The Greeks and Romans, it turns out, had the philosophers of the past that actually had all the answers, after all!  In fact, if we look to the Stoics, and even the Epicureans, we might find a way to truly live our lives.  The Stoics believed that only virtue was good and only vice was bad and everything else was indifferent.  In fact, if one lived a life of virtue, then one would be promised a life of eudaimonic happiness.  Basically, not only did the Stoics propose a value system but they proposed a value system that implied a form of therapy.  If you follow virtue as your sole good, you would be promised a life of excellence and contentedness.  This doesn’t mean you’d live happily ever after like in a Disney movie once you married your prince or princess.  It means that you’ll achieve a noble state.  You’ll be worthy of praise, be untroubled, and free of negative passion.

The Stoics belief system that had a big grain of truth truth to it with their ethical system because years later in 20th century, the Stoics whole premise that negative emotions are based on incorrect judgments became the foundation of Rational Emotive Behavioral Therapy by Albert Ellis.  Later, Cognitive Behavioral Therapy was derived from REBT and is the scientific gold standard in therapy.

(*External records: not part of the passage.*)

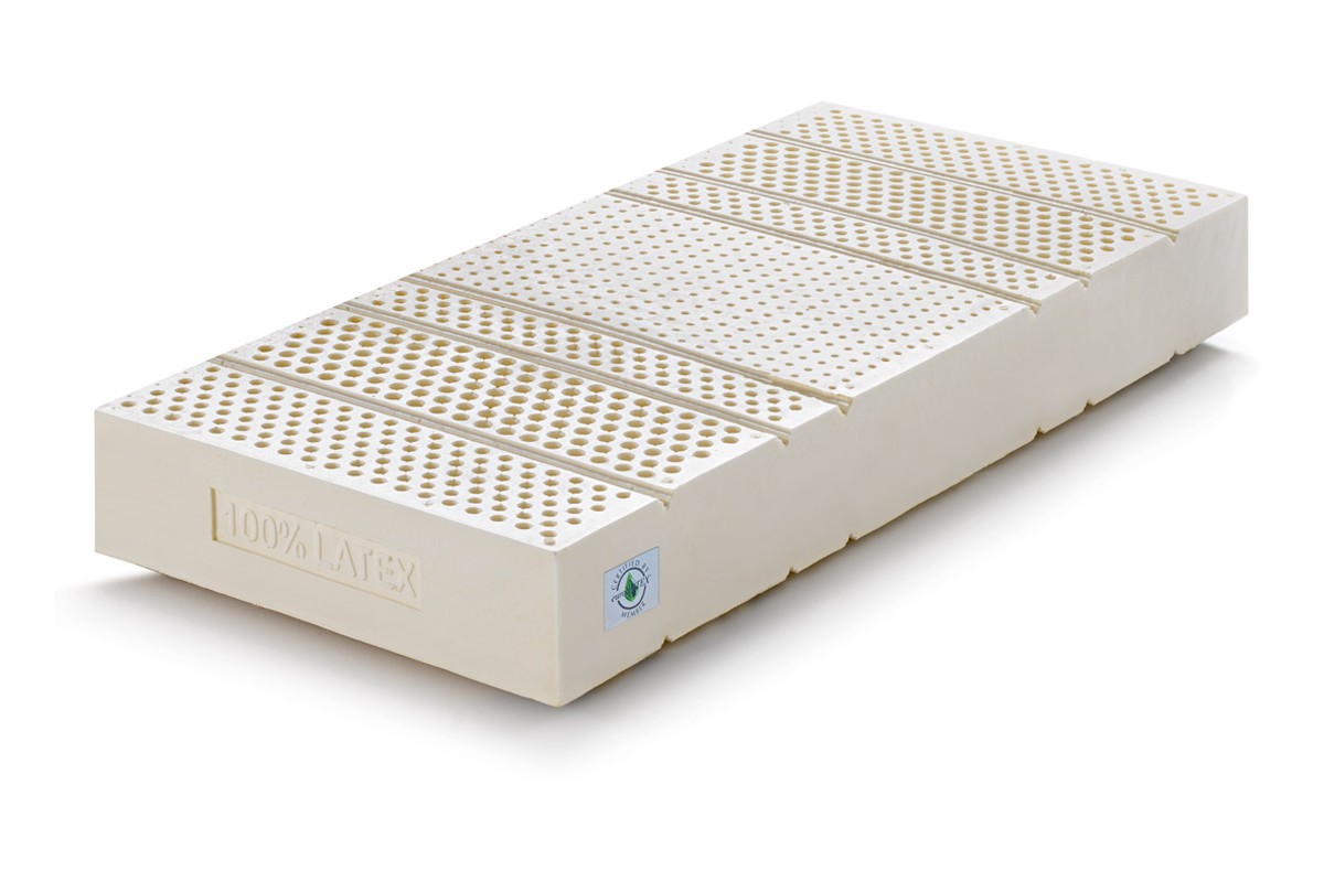 Colchón Látex ortopédico de firmeza H2 MEDIA con 7 zonas, compuesto por 1 bloque bialveolado alto 18 cm antibacteriano y antialérgico, alta densidad más de 70 kg/m3. Alta ergonomía para una perfecta adaptación al cuerpo, para que la columna vertebral mantenga una correcta alineación.
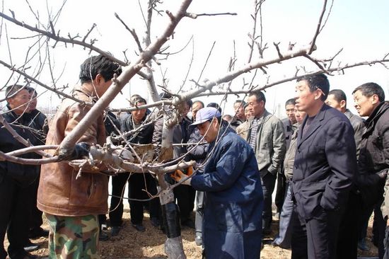 最后,杜专家带领大家参观了试验站新建矮化密植园,重点向大家介绍了矮化园宽行距窄株距的现代栽培模式,使来访者受益匪浅。
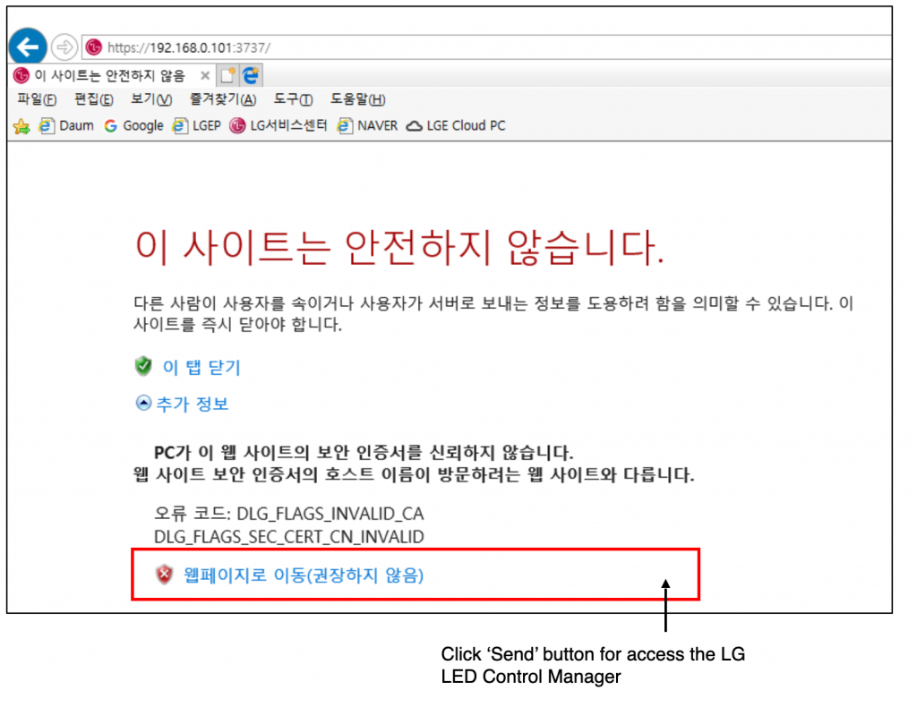- Access https://192.168.0.101:3737 to setup the LG LED Control Manager of LCLG006
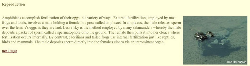 A three-page introduction to reproduction in amphibians can be found at this site. Read about the various methods of reproduction, and what happens after the eggs are laid. There is also a section that shows the growth/development stages...
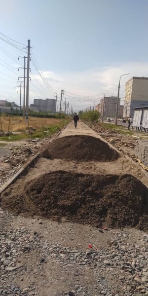 Дорогие горожане, в особенности жители микрорайона Джал! Извините за задержку, мы завершаем обустройство тротуара на восточной стороне улицы Тыналиева между улицами им. А. Масалиева и И. Ахунбаева.
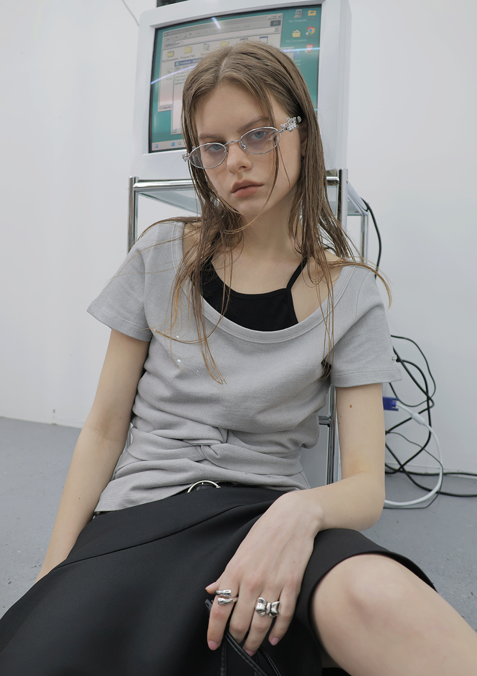 - 보트넥 반팔티로 여유로운 목선이 특징인 제품입니다.
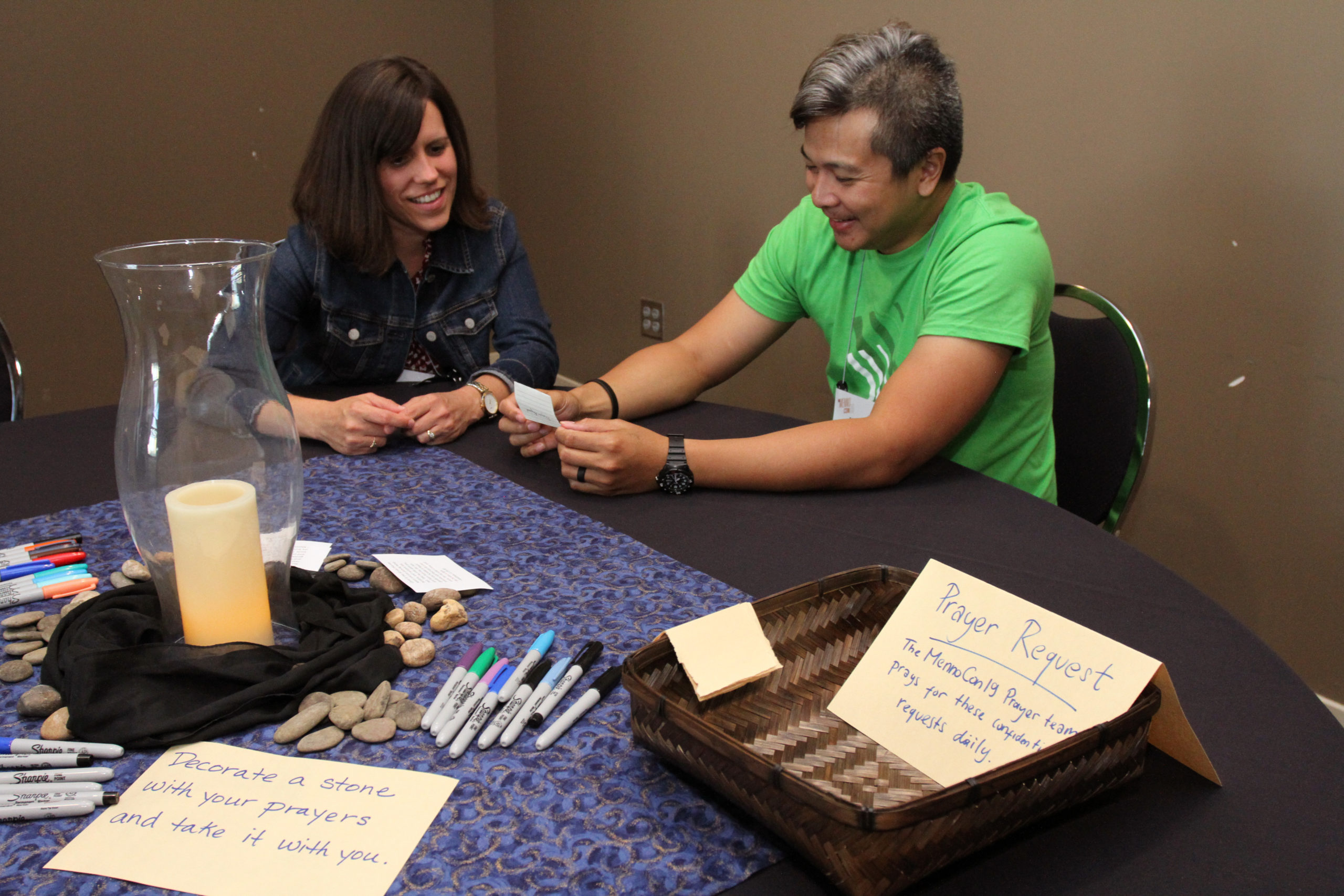 Prayer tent leaders Sarah Ann Bixler and Hendy Steven Matahelemual
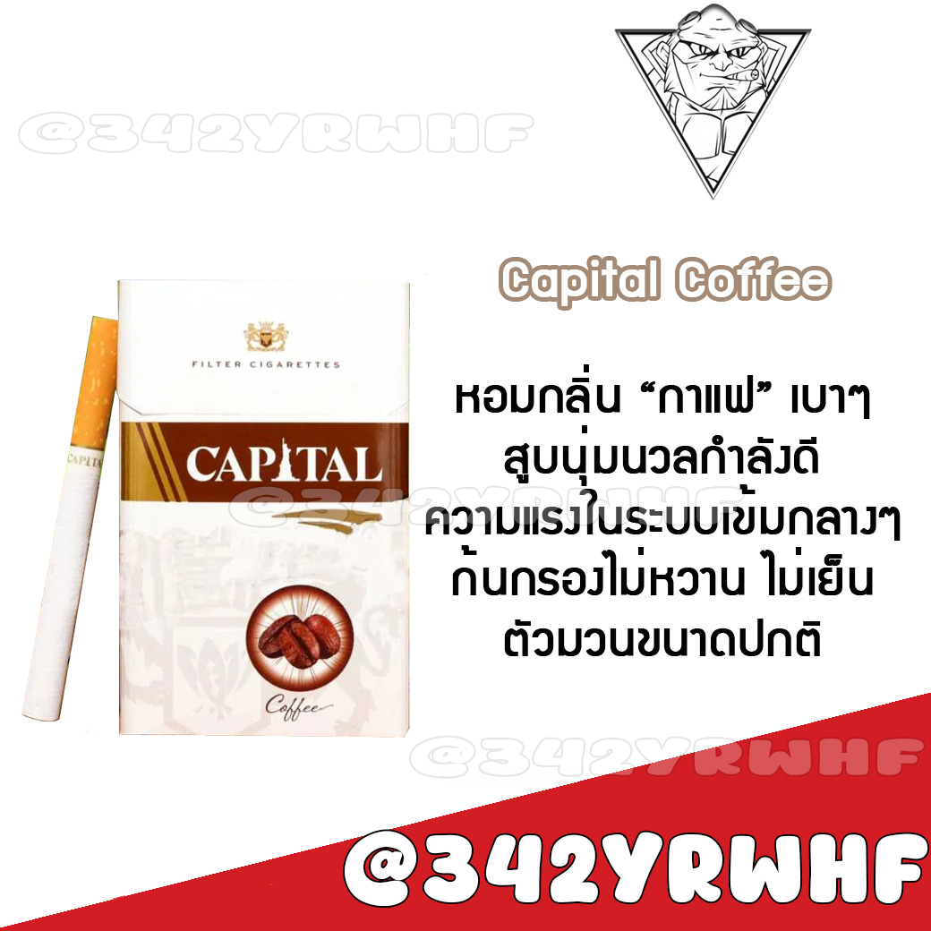 Capital Coffee ร้อน ไม่มีเม็ดบีบ หอมกลิ่น “กาแฟ” เบาๆ สูบนุ่มนวลกำลังดี ความแรงในระดับเข้มกลางๆ ก้นกรองไม่หวาน ไม่เย็น ตัวมวนขนาดปกติ

What’s more is it turned out that the Stoics had a naturalistic and scientific falsifiable argument for how their ethics.  The Stoic Hierocles argued that Stoic ethics is based on how humans and animals all have an instinctual need of self-preservation and then develop a need of the preservation of their offspring. This love (okeiosis), for humans, can be spread out further toward the preservation of the tribe, and further to the preservation of the society, and further to humanity itself.

So is Stoic ethics what we need as an answer to today’s nihilism?  I think so.  Am I absolutely convinced it’s the answer?  I’m not sure.  But I’m not sure of anything.  As Socrates once declared, “All I know is that I know nothing.”  But I certainly do think that I have rationally warranted beliefs in Stoicism as a coherent ethical system.

#Virtueethics #Deontology #utilitarianism #LarwenceBecker #Sartre #Hierocles #AlbertCamus #Nietzsche #Categoricalimperative #JohnStewartMill #Existentialism #RationalEmotiveBehavioralTherapy #HieroclesCircles #ANewStoicism #AlbertEllis #CognitiveBehavioralTherapy #JohnPaulSartre #Kant #philosophy #hilosophyblogger #blogger #CynicandStoicMemes #Hieroclescircles #oikeiosis #sentimentoflove #selfpreservation #pleasure #virtue #virtueistheonlygood #virtueisthesolegood #Humesfork #oughtfromanis #oughtvsis #isvsought #valuesandfacts #factsandvalues #deathofgod #Christianity #mastermorality #slavemorality #beyondgoodandevil

Published by Jess W

JW has a B.A. in Philosophy from Drury University. JW has practiced philosophy for years after graduating Drury U, though he hasn't pursued philosophy as a career of choice. JW eventually learned what Stoicism was really all about and decided to adopt virtually all of its precepts. It's served JW well and has helped him through his journey through a life of ups and downs.